# Stuck :s

1. Oct 16, 2005

### mohlam12

Hey
So, I have to show that in a triangle, we have : (A, B, C are the angles of that triangle)

sinB+sinC-sinA=4cos(A/2)sin(B/2)sin(C/2)

okay, here is what I got to, then I got stuck
i got it equal to:

sinB+sinC-sinA = 2cos(A/2)cos(B/2)cos(C/2)+2cos(A/2)sin(B/2)sin(C/2)-2sin(B/2)sin(C/2)

I don't know what to do next! Any hints?

Last edited: Oct 16, 2005
2. Oct 16, 2005

### Fermat

You know that A + B + C = π

or,

A/2 = π/2 - (B+C)/2

hence,

sin(A/2) = sin(π/2 - (B+C)/2) = cos((B+C)/2)

and,

cos(A/2) = cos(π/2 - (B+C)/2) = sin((B+C)/2)

I wouldn't use these identities in the expression you already have, but rather start from the beginning again, keeping these identies in mind.

3. Oct 16, 2005

### mohlam12

yes, that's what I did to get to the equation above.

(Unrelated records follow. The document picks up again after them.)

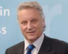
Dieter Patt, Landrat Rhein-Kreis Neuss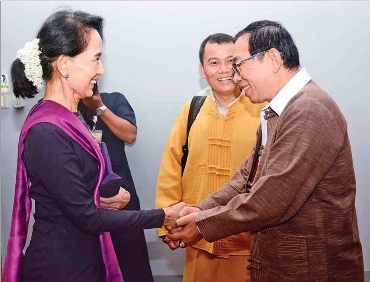
အမျိုးသားပြန်လည်သင့်မြတ်ရေးနှင့် ငြိမ်းချမ်းရေးဗဟိုဌာန ဥက္ကဋ္ဌ နိုင်ငံတော်၏အတိုင်ပင်ခံပုဂ္ဂိုလ် ဒေါ်အောင်ဆန်းစုကြည်နှင့် ရှမ်းပြည်ပြန်လည်ထူထောင်ရေးကောင်စီ/ ရှမ်းပြည်တပ်မတော် (RCSS/SSA)ဥက္ကဋ္ဌ ဦးယွက်စစ်တို့ ရင်းရင်းနှီးနှီးဆက်စဉ်။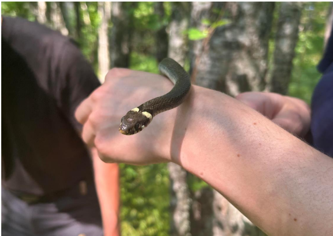
Figur 1 En av buormene ( Natrix natrix) fanget i første dam.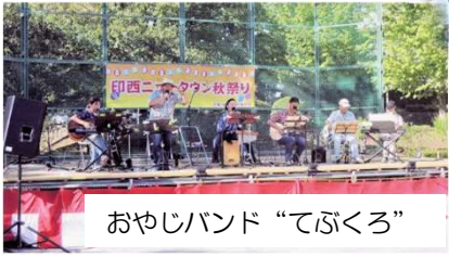
おやしバンド “てぶくろ”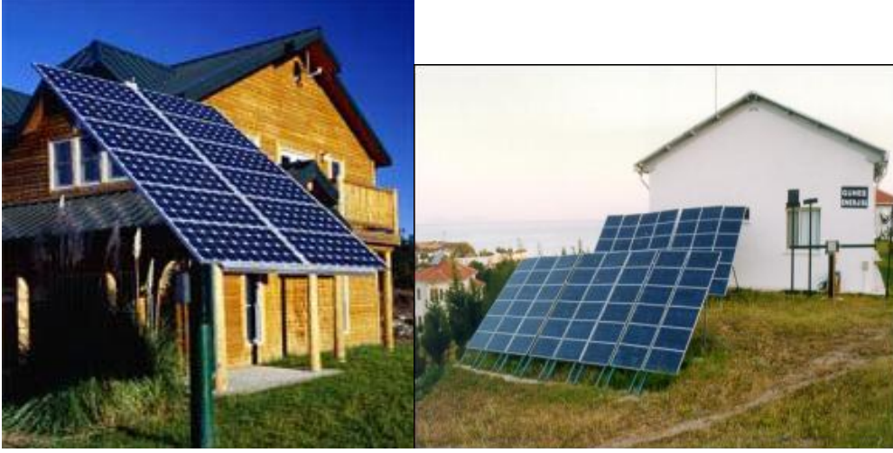
Resim 2.1: Güneş Panelleri

Güneş enerjisinin günlük yaşamın ayrılmaz bir parçası olması nedeniyle verimli olarak kullanılabilmesi amacına yönelik Ar-Ge (araştırma-gelistirme) çalışmaları her geçen gün artmakta ve bu enerji kaynağının yaygın olarak kullanılabilmesi çalışmalara devam edilmektedir.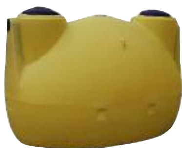
fosse PE Sebico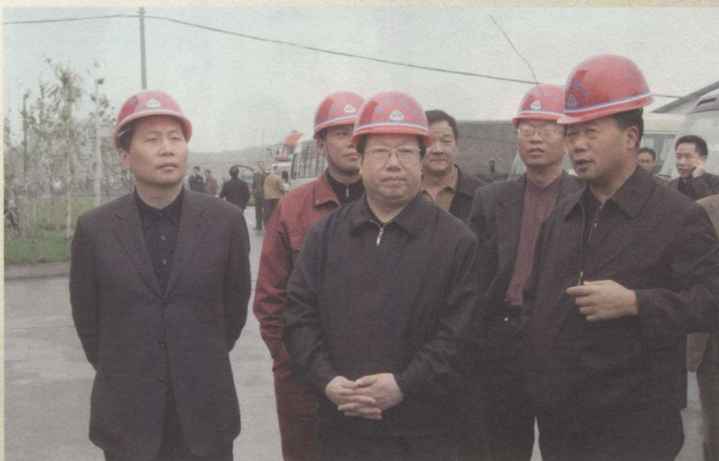
贵州省委常委、常务副省长王晓东（前排中）在省人大常委会副主任许正维（右一，时任黔西南州委书记）、第十届县委书记周玉仁（右二）陪同下考察安龙重化工基地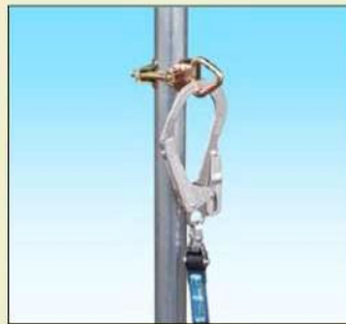
単管 + 安全帯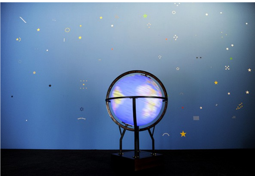
Fayçal Baghrich, Souvenir , 2012 et Epuration électorale , protocole d'installation, 2009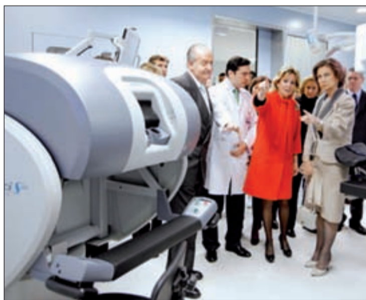
Inauguración del Hospital Rey Juan Carlos de Móstoles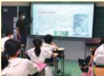
我國的大英雄岳飛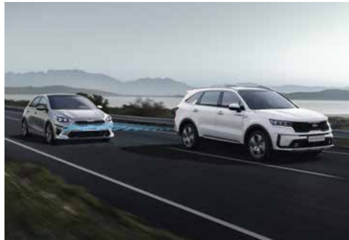
SYSTÈME ANTI-COLLISION AVEC DÉTECTION DES ANGLES MORTS (BCA)

Personne ne sait ce que nous réserve la route, c'est pourquoi le nouveau Sorento est équipé de solutions de pointe pour garantir une sécurité accrue.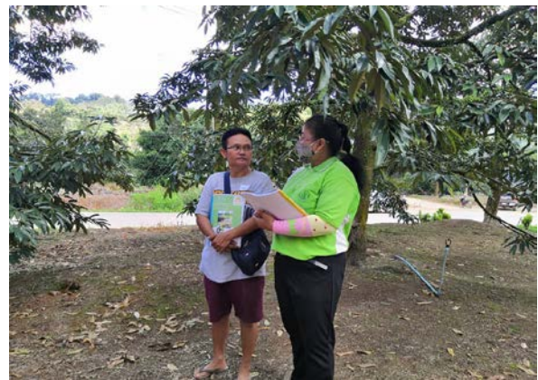
ภาพแสดง...การลงพื้นที่ตรวจสอบและให้การรับรองเพื่อขออนุญาตใช้ตราสัญลักษณ์ สิ่งบ่งชี้ทางภูมิศาสตร์ (Geographical Indications หรือ GI)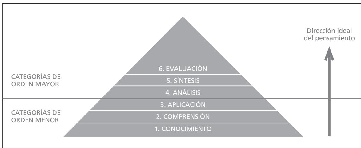
FIGURA 1: Dirección ideal del pensamiento según la Taxonomía de Bloom

Según esta estructura jerárquica, cada categoría superior está compuesta por las categorías situadas debajo de ella. Es decir, la comprensión requiere conocimiento, la aplicación demanda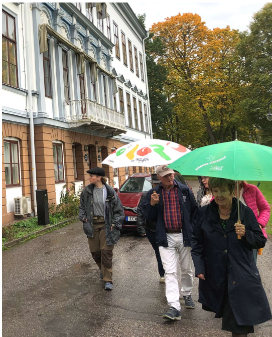
Gysinge Herrgård, den förnämsta av ett 20-tal väl bevarade byggnader inom Gysinge Bruk, uppfördes i mitten av 1800-talet. Innehåller pampiga salar, konferensrum, hotelldel mm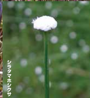
シラタマホシクサ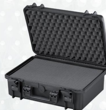
VALIGETTA PER GIOTTO CASE FOR GIOTTO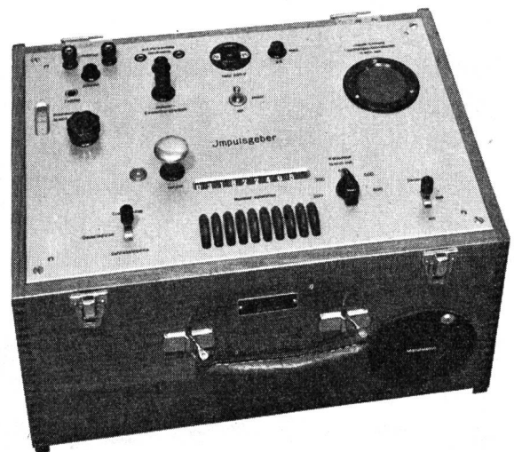
Fig. 2. Zahlengeber — Emetteur de chiffres

S'il s'agit d'envoyer le numéro composé, on doit avant tout introduire la fiche d'un appareil téléphonique dans le jack désigné par «Telephon». Quand on décroche le récepteur, on entend le signal du central et l'on peut transmettre le numéro. On déclenche l'émission en pressant sur le bouton désigné par «Senden». La sélection terminée, on peut parler avec l'abonné appelé. Lorsqu'on raccroche le récepteur, la communication est de nouveau coupée. En décro-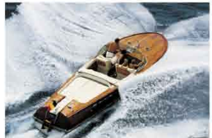
Aquarama, Riva - 1962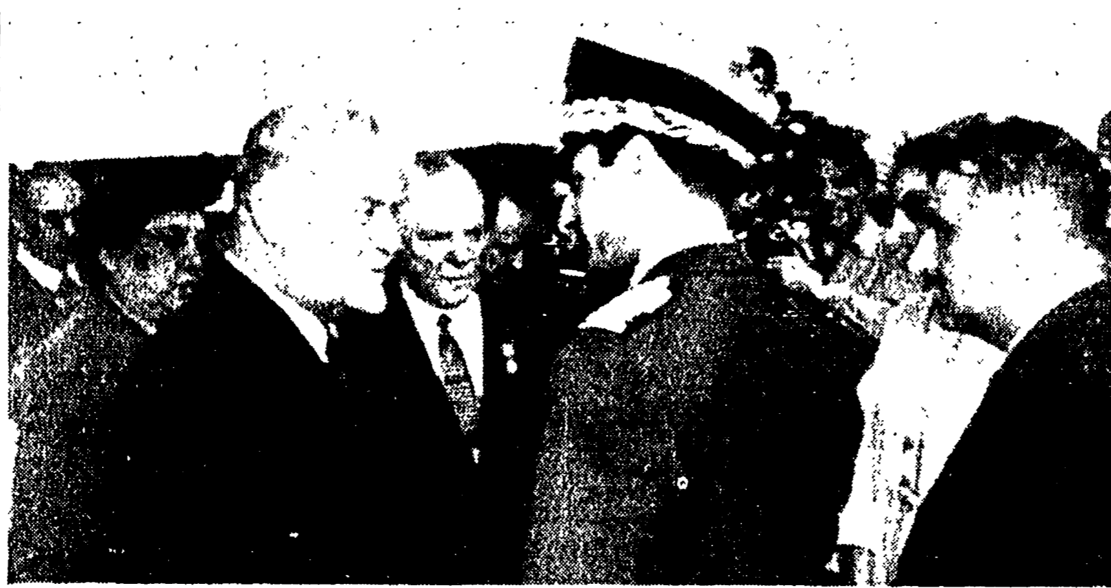
MOSCA - Il saluto di Bulganin e Vorosilov allo Scià di Persia, al suo arrivo nella capitale sovietica. A destra dietro il sovrano, è Soraya

MOSCA, 25. - Dopo i parlamentari e i presidenti del Consiglio, anche i monarchi vengono a Mosca. L'aeroporto centrale, che in un anno ha visto arrivare più monarchi e capi di governo che qualsiasi altro aeroporto del mondo, ha accolto oggi lo Scià di Persia con la regina Soraya. Dodici caccia a reazione scortavano l'apparecchio sovietico, un «Il-14», su cui s'innalza la coppia reale.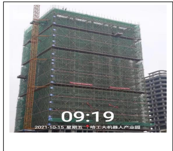
9、商业四期 8 座照片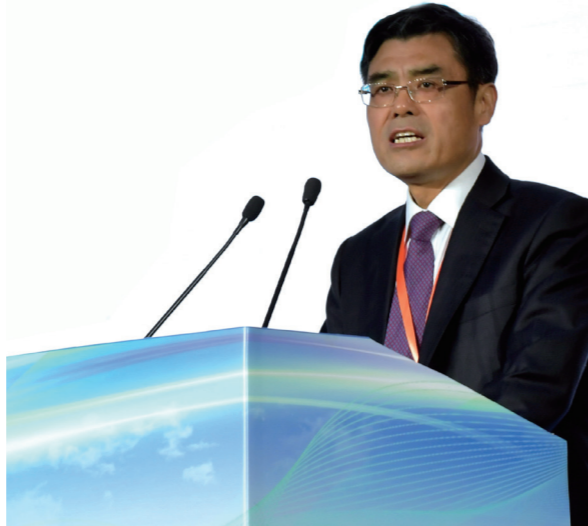
国家电网公司董事长、B20中国工商理事会主席舒印彪代表中国工商界响应“一带一路”建设

雄安新区一方面对企业的调研给予了“一对一”的精准回复;另一方面,雄安新区希望中国贸促会和中国国际商会能够发挥自身优势,组织更多高端高新技术企业参与雄安新区建设。

But I dont know what to do after...! So it can be equal to 4cos(A/2)sin(B/2)sin(C/2)

Last edited: Oct 16, 2005
4. Oct 16, 2005

### Fermat

sinB + sinc - sinA =
2sin((B+C)/2)cos((B-C)/2) - 2sin(A/2)cos(A/2)

now use those identities

5. Oct 16, 2005

### mohlam12

yup, i used that before, and didn't get to anything good.
Here is what I could do with it:

sinB+sinC-sinA =
2cos(A/2)cos(B/2)cos(C/2)+2cos(A/2)sin(B/2)sin(C/2)+2sin(A/2)cos(B/2)cos(C/2)-2sin(A/2)sin(B/2)sin(C/2)

6. Oct 16, 2005

### Fermat

sinB + sinc - sinA =
2sin((B+C)/2)cos((B-C)/2) - 2sin(A/2)cos(A/2)

using the identities, we get,

2cos(A/2).cos((B-C)/2) - 2sin(A/2).cos(A/2)
2cos(A/2){cos((B-C)/2) - sin(A/2)}

using the identities again,

2cos(A/2){cos((B-c)/2) - cos((B+C)/2)}

now use the formula for the difference of two cosines,

2cos(A/2){2sin(B/2)sin(C/2)}
4cos(A/2)sin(B/2)sin(C/2)
===================

7. Oct 16, 2005

### mohlam12

OH YES! Sorry I didnt notice that I should use the formula for the difference of two cosines... Thanks a lot!